I have to prove the following, where $x\geq 1$, $0 < \epsilon< 1$ and $q\in \mathbb{N}$
$$(x + \epsilon)^q \leq x^{q}(1 + 2^{q}\epsilon)$$
My attempt:
We have
$$(x+\epsilon)^q = x^q + \binom{q}{1}x^{q-1}\epsilon + \binom{q}{2}x^{q-2}\epsilon^2 \cdots + \binom{q}{q-1}x\epsilon^{q-1} +\epsilon^q $$
And as $\epsilon <1$ and $q\geq 1$, then $\epsilon^q \leq \epsilon$. Therefore,
\begin{align} (x+\epsilon)^q \leq x^q + \binom{q}{1}x^{q-1}\epsilon + \binom{q}{2}x^{q-2}\epsilon +\cdots + \binom{q}{q-1}x\epsilon +\epsilon \end{align}
In other words,
$$(x+\epsilon)^q \leq x^q +\epsilon\biggl(1+ \binom{q}{1}x^{q-1} + \binom{q}{2}x^{q-2} +\cdots + \binom{q}{q-1}x\biggr)$$
I know that I need to get the sum of the binomial coefficients to get $2^q$ but I can't find a way to deal with the $x$ terms attached to them.
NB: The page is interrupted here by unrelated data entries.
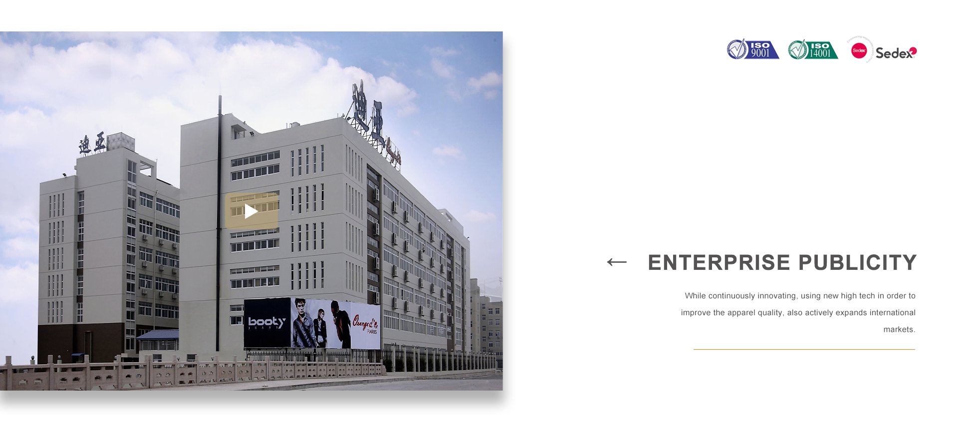 浙江迪亞服飾有限公司于1998年在世界時尚品牌之都——法國巴黎二區應運而生。同年,在浙江省甌海經濟開發區東方南路28號設立服裝制造工廠。公司集服裝設計、生產、營銷、品牌于一體,在不斷創新、采用高新技術提高服飾質量的同時,積極拓展國際市場,海外營銷部長期與各大國際著名品牌保持非常緊密的合作關系。品牌建設是公司堅持不懈的追求,我們每年都會積極參加國內外舉辦的各大服裝展銷會。憑借著良好的質量與信譽,市場占有率在逐漸擴大,產品遠銷歐洲、美洲、亞洲等國。公司以生產棉衣、羽絨服、派克、大衣、夾克、運動休閑服飾等為主,旗下主打品牌有 ORANGE D’OR 和SASAEC,各品牌服飾均以典雅的色彩、優美的線條、卓越的魅力吸引著都市麗人,將時尚、經典的潮流信息予以淋漓盡致的演繹。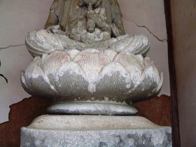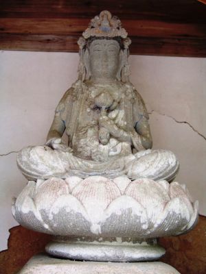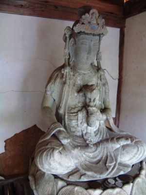 | 丹波佐吉は大師山の仕事を中断して、生まれ故郷の近く青垣町大燈寺で聖観音像を彫った。石は和泉 砂岩、完成した当初からお堂に入っていたため彩色が残っている、風雨に当たって無いので風化も無い 完成時には光背付いていたが現在は欠け落ちている。佐吉の石仏は面長でなで肩、顔の彫りは浅い。 |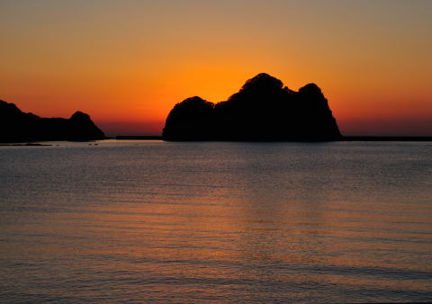 | 土肥の夕暮れ | 西伊豆 岩に隠れる夕日 この瞬間がとても感動的で美しい |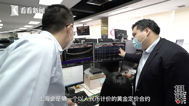 10:05,“隔了五一假期所以这次要注意一下中间期限的问题……”贵金属交易处交易员杜帅帅正和同事在核算今天的上海金参考价格。他介绍说,上海金是第一个以人民币计价的黄金定价合约,对我们国家来说,对市场的定价权有很大的意义。10:06,第一轮上海金参考价上报。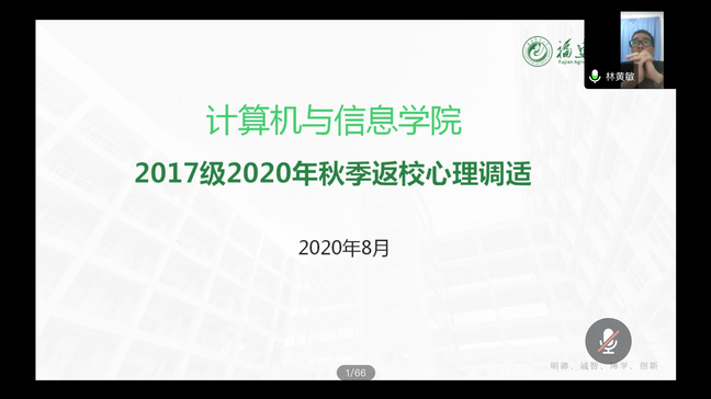 近日,计算机与信息学院通过线上线下等形式上好返校“开学第一课”,组织秋季首批返校学生学习有关疫情防控要求,引导学生做好个人防护,开展防疫卫生和心理健康知识宣传。“开学第一课”由各分管辅导员主讲,2017级本科毕业生和2018级研究生参加了学习。

Any help would be greatly appreciated. Thanks
Hint
Factorizing the RHS of your last expression by $x^q$ yields $$x^q +\epsilon\biggl(1+ \binom{q}{1}x^{q-1} + \binom{q}{2}x^{q-2} +\cdots + \binom{q}{q-1}x\biggr)=x^q\left[1+\varepsilon \left(\frac{1}{x^q}+\binom{q}{1}\frac{1}{x}+...+\binom{q}{q-1}\frac{1}{x^{q-1}}\right)\right].$$
Using the fact that $\frac{1}{x^p}\leq 1$ for all $p\in\mathbb N$ allows you to conclude.